• REQUIRED ACTION: Omit all pictures. Quote the lines from the one with "佛山新机场大道二期工程(K7" through the end of the listing below, exactly as they appear.

• MATERIAL PROVIDED:
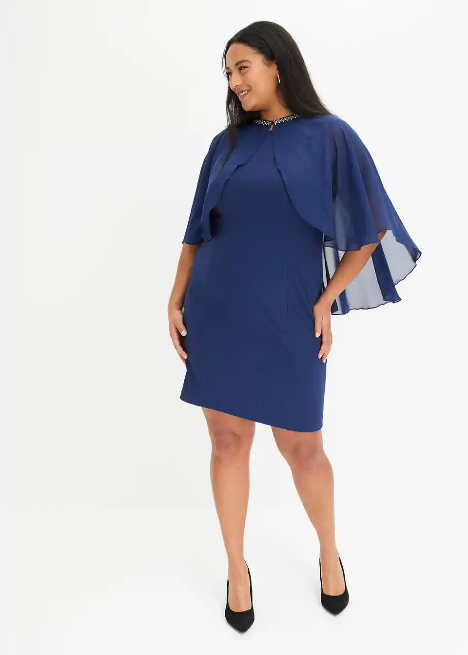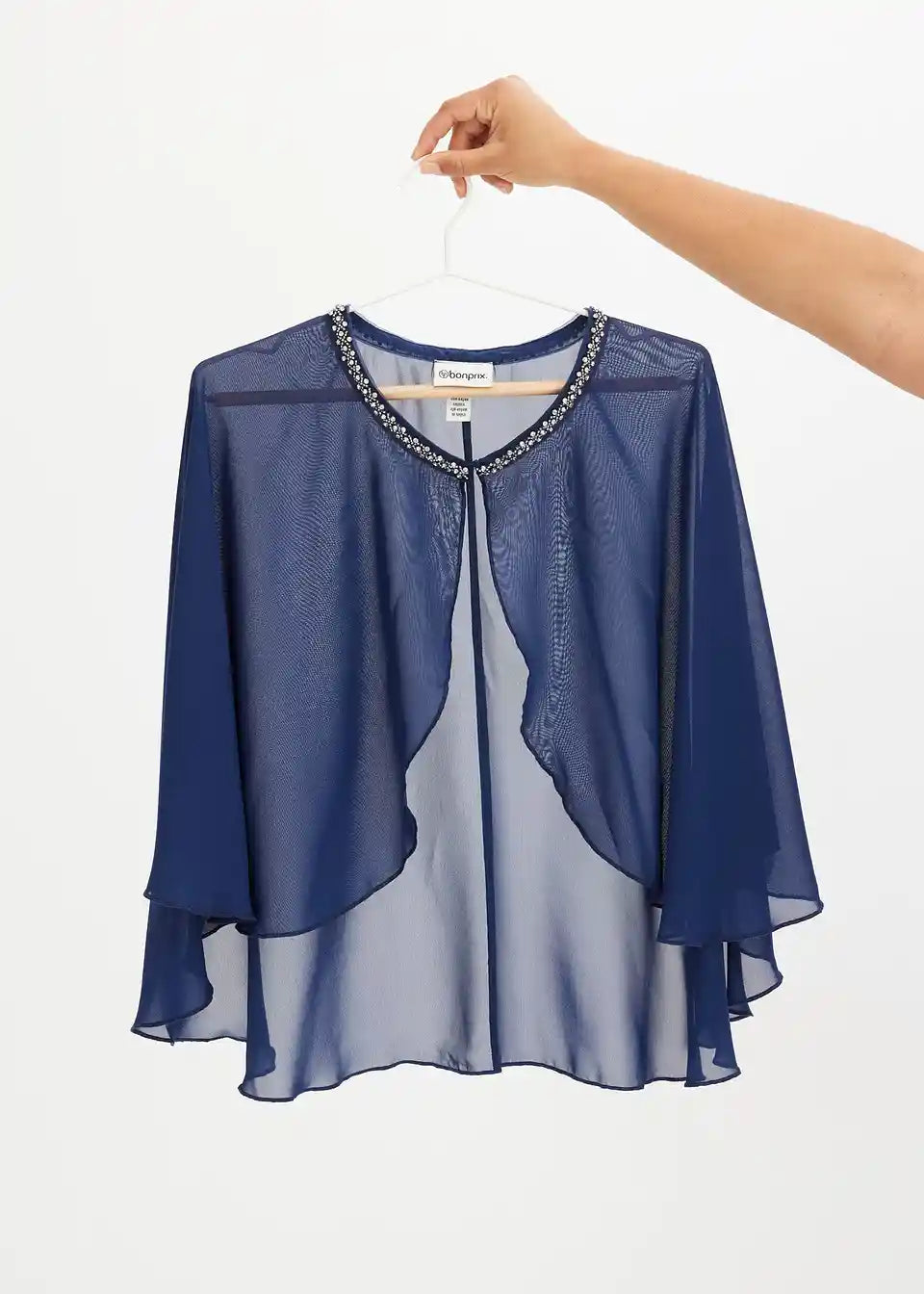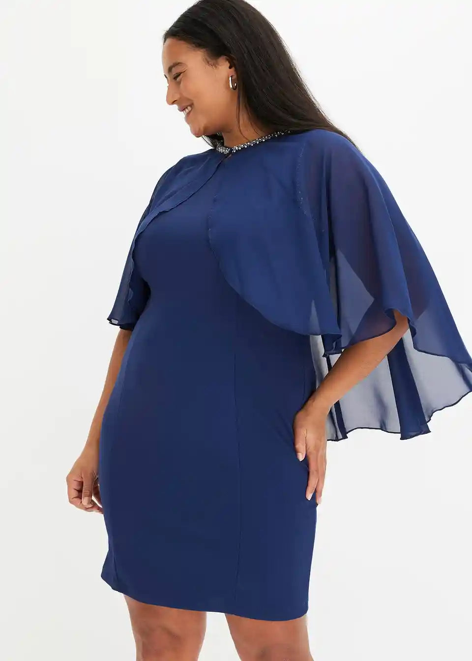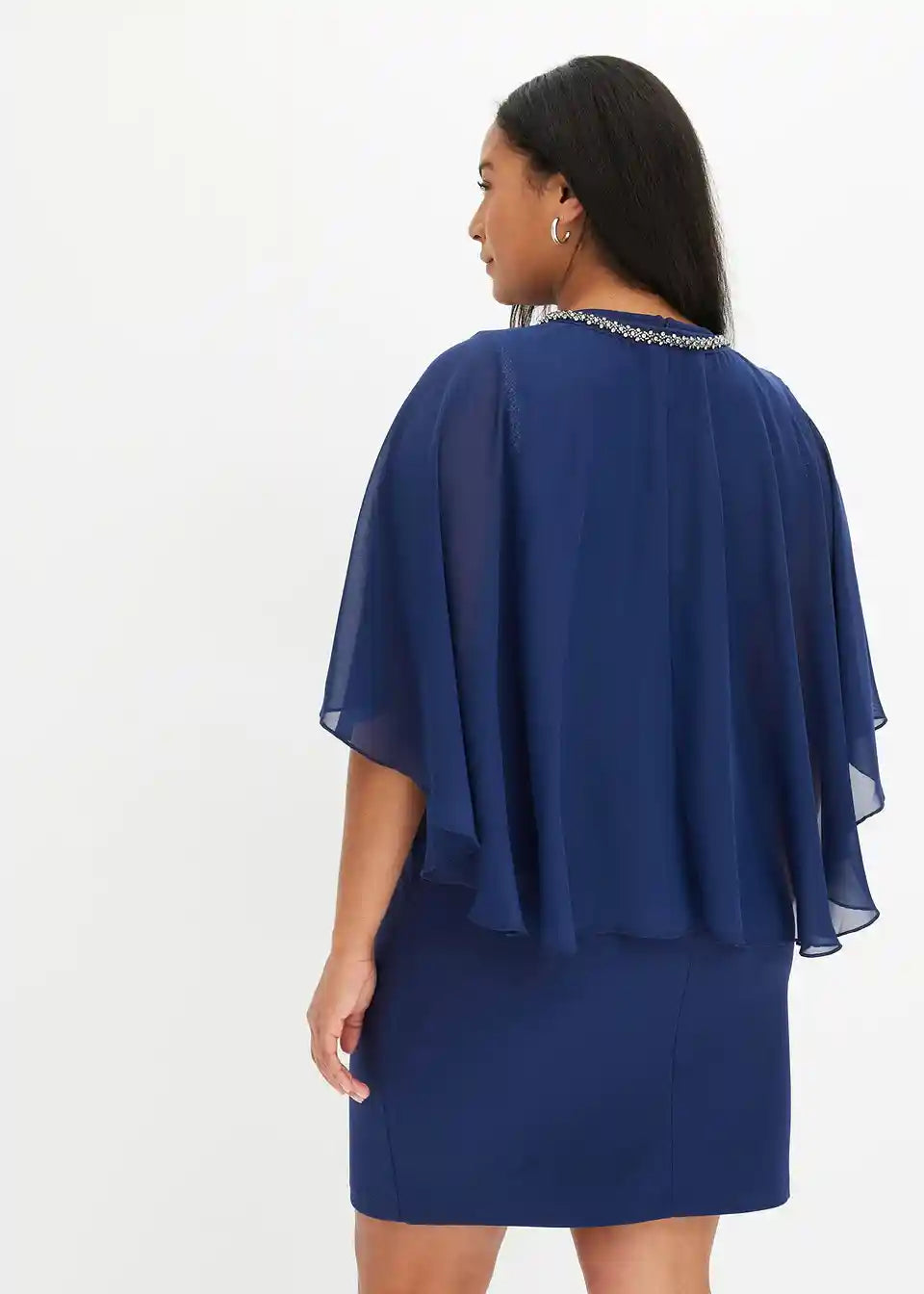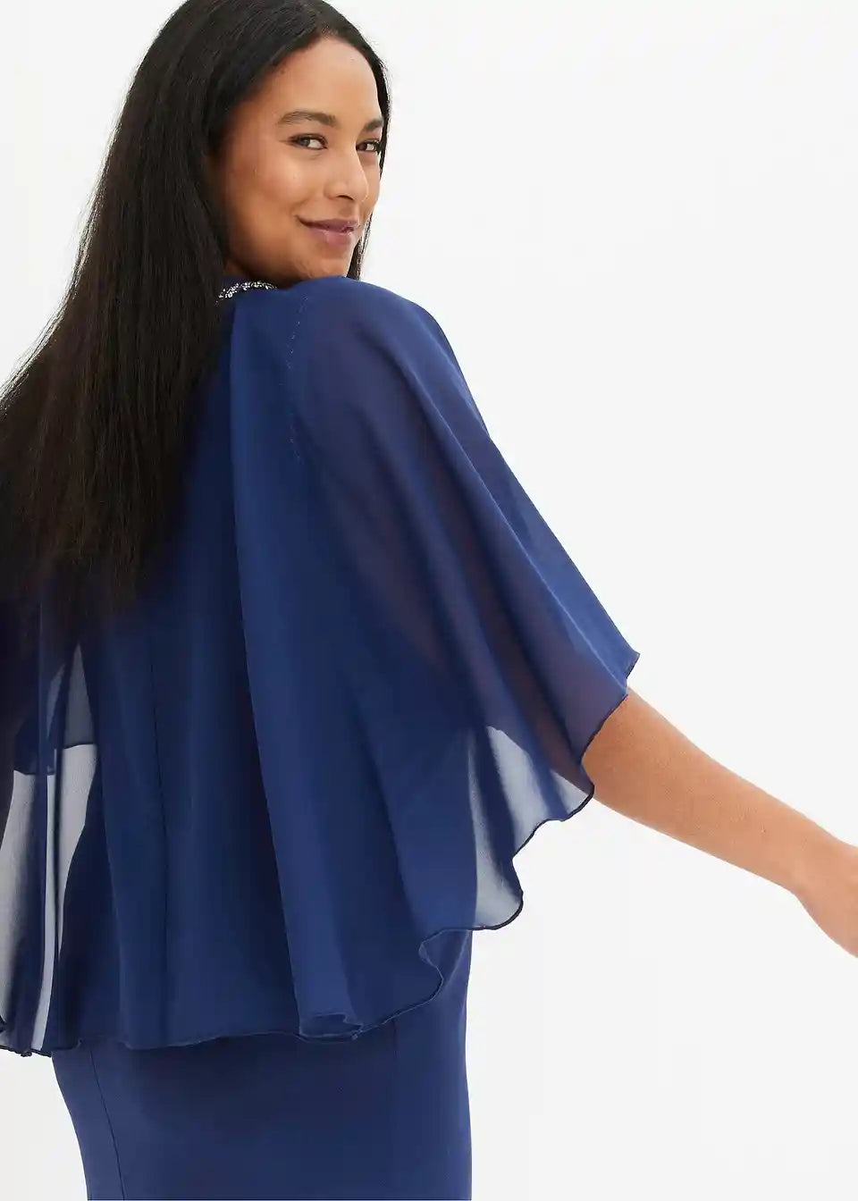 Obleka iz strukturiranega krepa z okrasnimi kristali ob izrezu rokavov ter odstranljivim plaščem z okrasnimi kristali na izrezu.
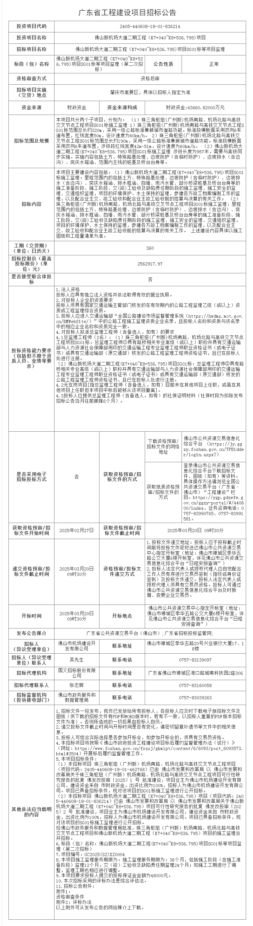 佛山新机场大道二期工程(K7+040~K8+536.795)项目SG01标等项目监理招标公告
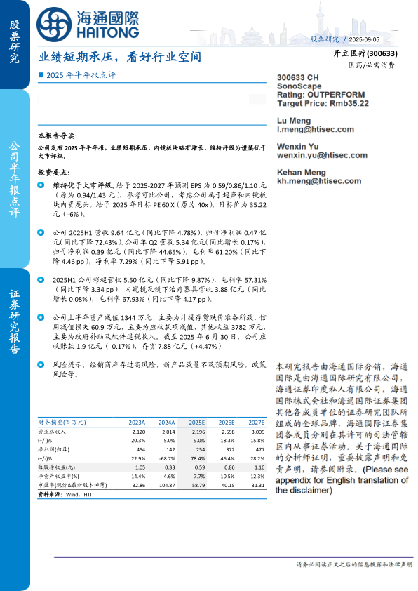 公司发布2025年半年报,业绩短期承压,内镜板块略有增长,维持评级为谨慎优于大市评级。
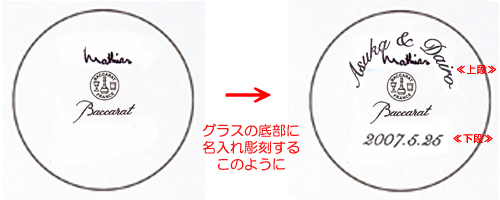 ご注意)英字大文字の連続を筆記体で名入れすると判読できない文字列となりますので、

• SOLUTION TO THIS PROBLEM:
 佛山新机场大道二期工程(K7+040~K8+536.795)项目SG01标等项目监理招标公告
 公司发布2025年半年报,业绩短期承压,内镜板块略有增长,维持评级为谨慎优于大市评级。
 ご注意)英字大文字の連続を筆記体で名入れすると判読できない文字列となりますので、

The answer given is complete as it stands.